When a reporter challenged him because he told every writer that he was born in a different place or had a different given name (Jerome, Jay, whatever), Dean replied indignantly, “Them ain’t lies, they’s scoops.”
A liner off the bat of Earl Averill struck Dean on the toe in the third
inning of the 1937 All-Star Game. Billy Herman got the rebound and threw out Averill to end the inning, and Dean retired to the clubhouse with an aching toe. A doctor examined it and said it was fractured. “Fractured, hell,” Dean moaned. “The damned thing’s broke.” The injury caused him to alter his delivery and hurt his arm. After helping the Cubs to a pennant in 1938 with an assortment of junk and hanging on for a couple more years, Dean had to retire when he was just thirty years old.

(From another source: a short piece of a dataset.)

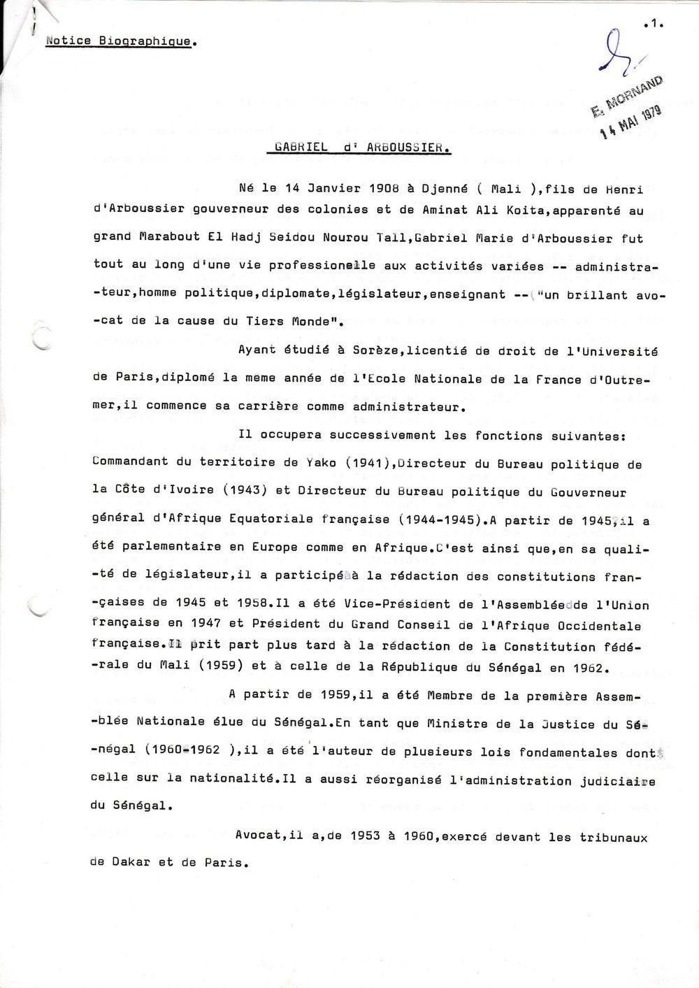 1979, 14 mai, discours d'inauguration du buste de D'Arboussier par Mornand

Dean stayed in the game as a broadcaster, to the exasperation of English teachers. When chided for his ungrammatical calls, Dean reminded his critics, “A lot of people who don’t say ain’t ain’t eating.” When the St. Louis Board of Education circulated a petition against Dean’s butchery of the language, Dean replied, “You learn ’em English, and I’ll learn ’em baseball.” With Dean at the mike, batters strode “confidentially” to the plate, players returned to their “respectable” bases, runners “slud,” fielders “throwed,” and “empires” made the calls. He urged listeners, “Don’t fail to miss tomorrow’s game.”
While Dean was broadcasting for the 1947 St. Louis Browns, a team that lost 95 games, he didn’t sugarcoat the Browns’ ineptitude. He’d suggested on the radio that he could do better than some of the Browns’ hurlers. So club president Bill DeWitt offered Dean a chance to start for the Browns, and Dean couldn’t resist. On September 28, 1947, more than six years after his last major league action, Dean went to the hill for the Browns against the White Sox. He held the Sox scoreless through four innings, but had to retire, for good, with a pulled leg muscle, suffered when he singled.
After the game, Dean beamed, “I said I could pitch as good as most of these fellows and I can. But I’ll be doggoned if I’m ever going to try this stunt again. Talking’s my game now, and I’m just glad that the muscle I pulled wasn’t in my throat.”